So how does this matter for the Federal Reserve and monetary policy specifically? Well, as it stands, the Fed's charter hands it a dual mandate: keep inflation down and keep employment up. It has various tools to do this, but the key thing to understand is there's an inherent tension. Inflation is primarily the result of rising wages putting upward pressure on prices. So you can't really get rising inflation without robust growth in jobs and wages; and so the more you tamp down inflation, the more you tamp down employment and incomes for everyday Americans. Conversely, the better those jobs and incomes are doing, the more you risk inflation.
On top of that, the mandate is basically subjective. It has no hard metrics or numbers, so the Fed is left to figure its way through that balancing act on its own.

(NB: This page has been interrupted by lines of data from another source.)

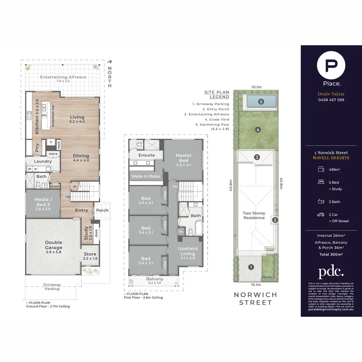 Providing additional family space, a second living area resides upstairs, and a media room downstairs is destined for movie nights or can serve as a fifth bedroom. The floor plan has four extra bedrooms with beautiful hillside views and three luxurious bathrooms with feature tiles. The master suite unveils a walk-in robe and a dual vanity ensuite, while the fourth bedroom opens to the front deck.
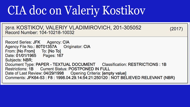 - A 167-page CIA document on Valeriy Kostikov, the Soviet agent stationed in Mexico whose name was used as part of the "world war III" scenario that the Warren Commission we now know was created to push back against. [VIEW]
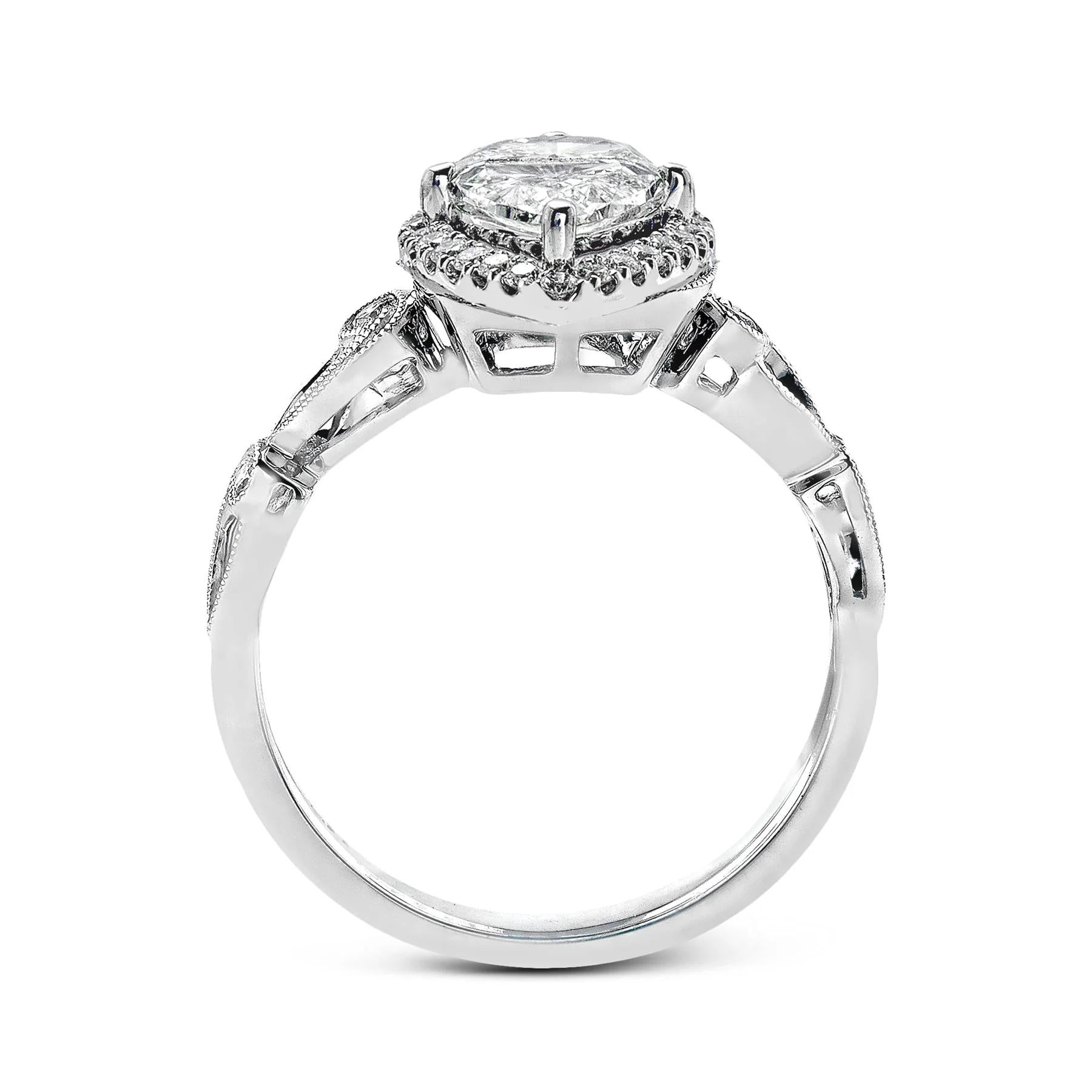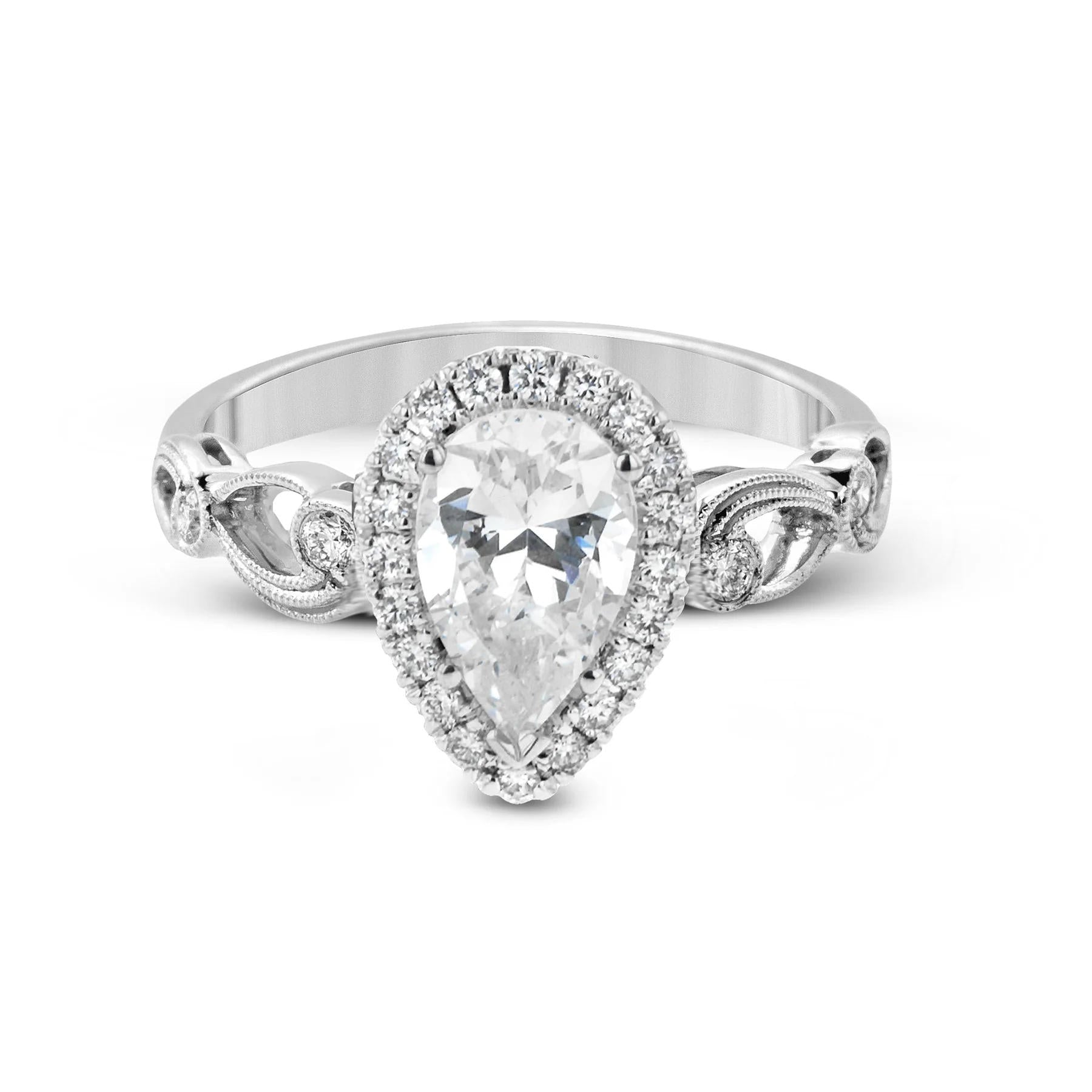 Pear-cut vintage inspired diamond halo engagement ring. There are approximately 36 round naturally mined, conflict-free diamonds set that are 0.16 carats total weight, VS1-2 in clarity and G-H in color. Diamond total weight and count may vary depending on the center stone. There are milgrain designs around the ring. Select the size you want in the center. This ring is available in white, yellow or rose gold; as well as platinum.

Now, look at the people who inhabit the worlds of PIMCO and Citadel. They're investors, which is to say, people who have excess cash lying around, park it in various financial instruments and securities, and then make money off the interest. "Rentiers" is the term of art. They are typically creditors, and somewhere out there are debtors who owe them that interest and principal back. These are not even middle class Americans, much less lower or working class: 60 percent of financial securities are held by 1 percent of Americans, and 98 percent are held by the top 10 percent. Everyone below that threshold is much more likely to be a net debtor.
The lower inflation is, the better rentiers do. Their investments are made in fixed dollar amounts, so higher inflation diminishes the value of their investment and makes it easier for debtors to pay them off. Furthermore, the interest rates in most financial instruments factor in the level of inflation, so they'll rise as inflation does. That will drive down the price of the existing bonds and loans the rentiers already hold.
What we're really talking about here are the interests of the entire financial industry. The very design of the Fed ensures that entanglement: of the 12 voting officials who decide monetary policy at the Fed, seven are appointed by the president and confirmed by the Senate. But the other five are drawn from the Fed's district branches, with no democratic vetting.
Wealthy business owners and corporate elites are also worth mentioning here. First, they're usually rentiers themselves. But they also oversee large populations of workers. And if jobs and incomes are growing at a healthy pace, that gives workers more bargaining power. That means labor costs for these business owners will rise, and the cut of revenue they can keep as profit will diminish. It also means owners have less control over the course of their business, as unions are empowered and employees can demand better working conditions.
All these people sit at the peak of the economy, or at least closer to it in comparison to most Americans. If the Fed chooses to prioritize low inflation — and thus puts up with chronic unemployment, and sacrifices a lot of its leverage to fight off recessions — they will be among the last people to be touched by the economic pain, and may even gain from the loss of bargaining power workers will suffer.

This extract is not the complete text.